Our Lord, just shortly before going to the cross, prayed for unity of all believers (John 17:20-21). Here in our text unity appears as a major concern of the gifted apostle Paul. In light of this, a good question is: “Why is there so much disunity in the religious world among those who claim to believe in Jesus Christ?” It is not always easy to maintain unity; Paul said it is something that we must “Endeavour (give diligence) to keep.” It takes work to maintain it. It also appears that “unity” is not something produced by Christians, but by the Spirit of God—and we are admonished to “keep it.”

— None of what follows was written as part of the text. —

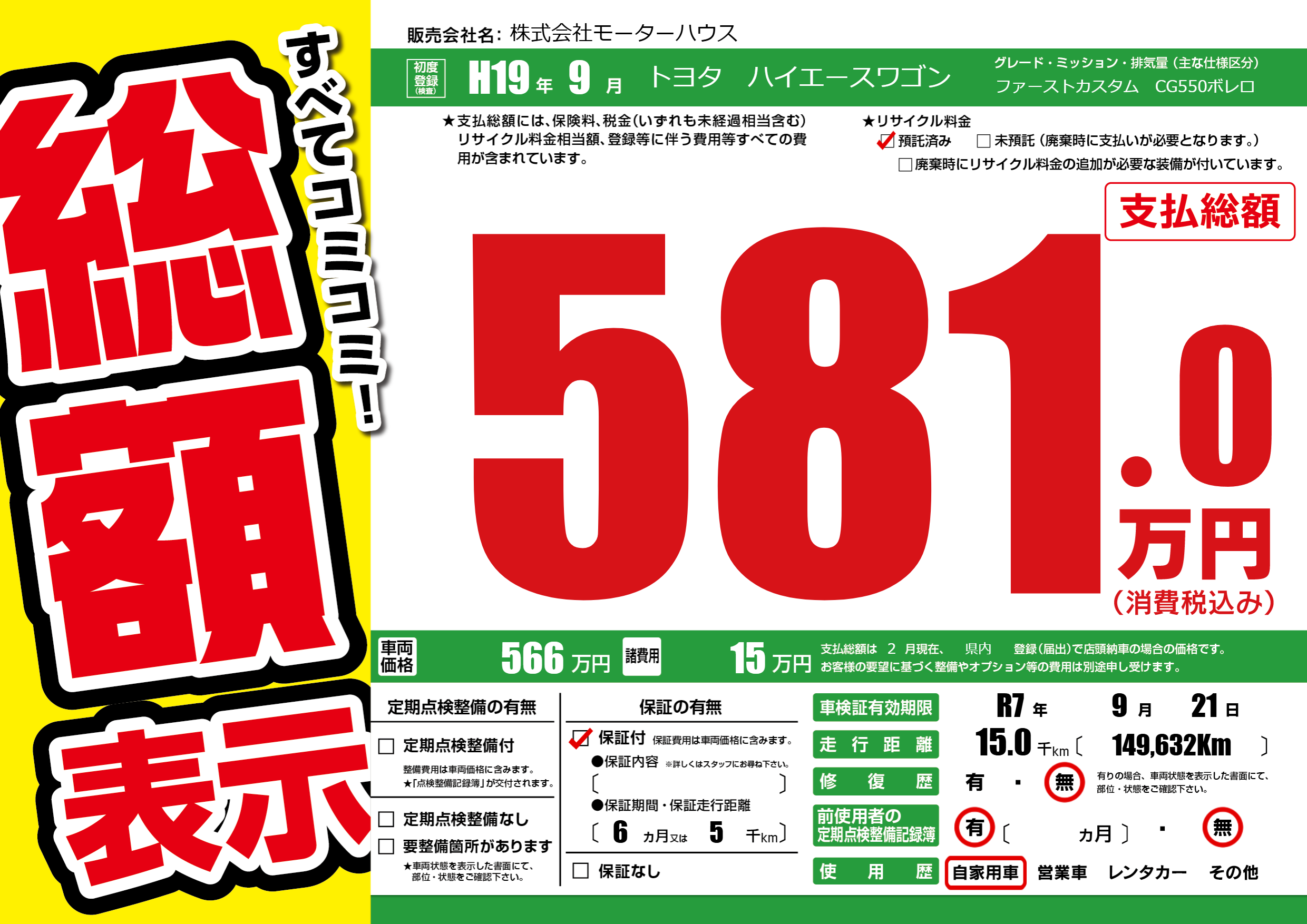 | 車名 | トヨタ ハイエースワゴン | グレード ミッション 排気量 |

Men cannot create unity nor methods of unity. A divine unity has been created and granted to the church. It is this unity that we are to guard and maintain. All barriers to unity are of men, not of God. We must shun and oppose all human teachings, inventions, and denominations—because they are causes of division, stumbling, and discord. “To divide the spiritual body of Christ is as cruel a crime against God and man as it is to pierce the fleshy body of Jesus with a spear” (David Lipscomb). The “unity of the Spirit” is the unity which the Holy Spirit provided when the church was established. This unity is a Spirit-led unity and when the church has this unity, it will be “of one heart and soul” (Acts 4:32).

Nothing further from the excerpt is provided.